The P4 is an unarmoured off-road vehicle used by the military of France. It was manufactured by Peugeot but is now manufactured by Panhard. It is to be replaced with the PVP by Panhard. The P4 is a derivative of the Mercedes Geländewagen military version built under license by Peugeot for the French military. Peugeot did not have a licence to export the vehicle anywhere else than to the countries bound to France by defence agreements.

== History ==
In the late 1960s, the French army decided that its 10,001 Jeeps needed to be replaced. The replacement vehicle would carry four men with radio equipment and would be small enough to be parachuted and transported by plane.

After many technical issues, the new vehicle was designed in the 1970s.

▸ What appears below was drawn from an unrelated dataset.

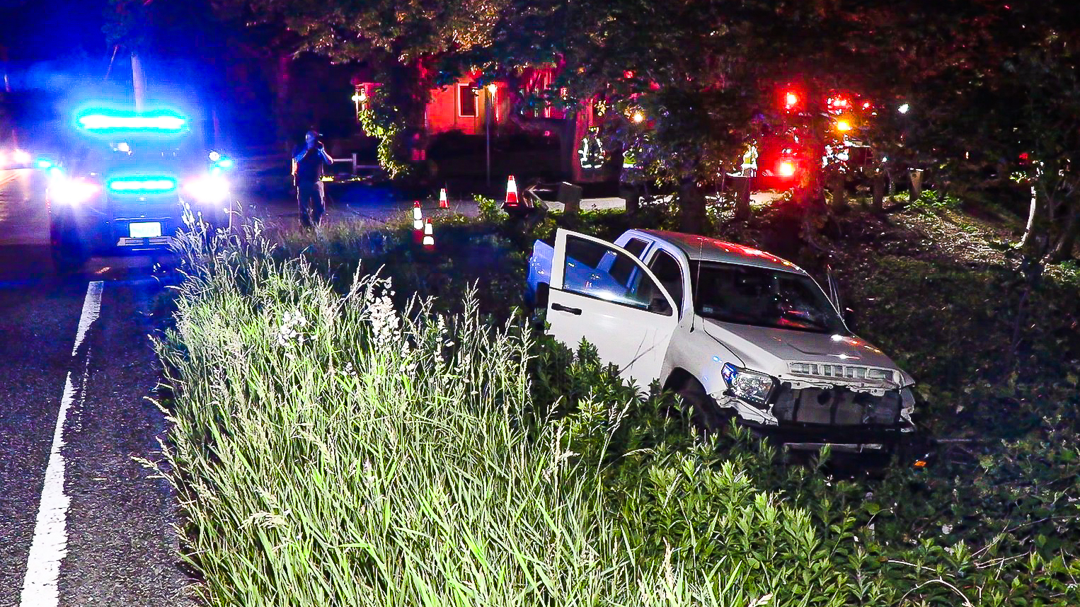 Shortly after 9:00 p.m. – Tuesday evening – police and firefighters arrived at the intersection of Route 6A and Maple Street to find a white Toyota Tundra pickup truck with front end damage… disabled in a ditch, after it apparently had just crashed through some decorative fencing and a metal guardrail.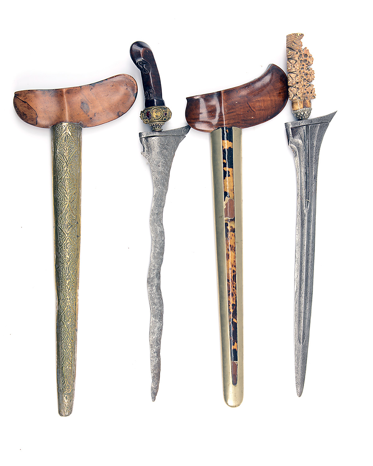 TWO MALAYSIAN KRIS KNIVES, both late 19th to early 20th century, one with straight blade and unusual carved bone hilt, the other with classic wavy blade and wood hilt, both in metal covered scabbards

Agreement was reached between Peugeot and Mercedes to co-produce the vehicle on a 50:50 basis. Peugeot installed the engine of the Peugeot 504 and the transmission of the Peugeot 604 on the Mercedes-Benz G-Class; it also installed the electrical systems, welded the exterior and painted the car. The rest was done by Mercedes. The plant in Sochaux did the final assembly. The first prototype was tested in 1978, beginning a long series of tests and trials, notably a rally in south Algeria with a petrol and a diesel P4.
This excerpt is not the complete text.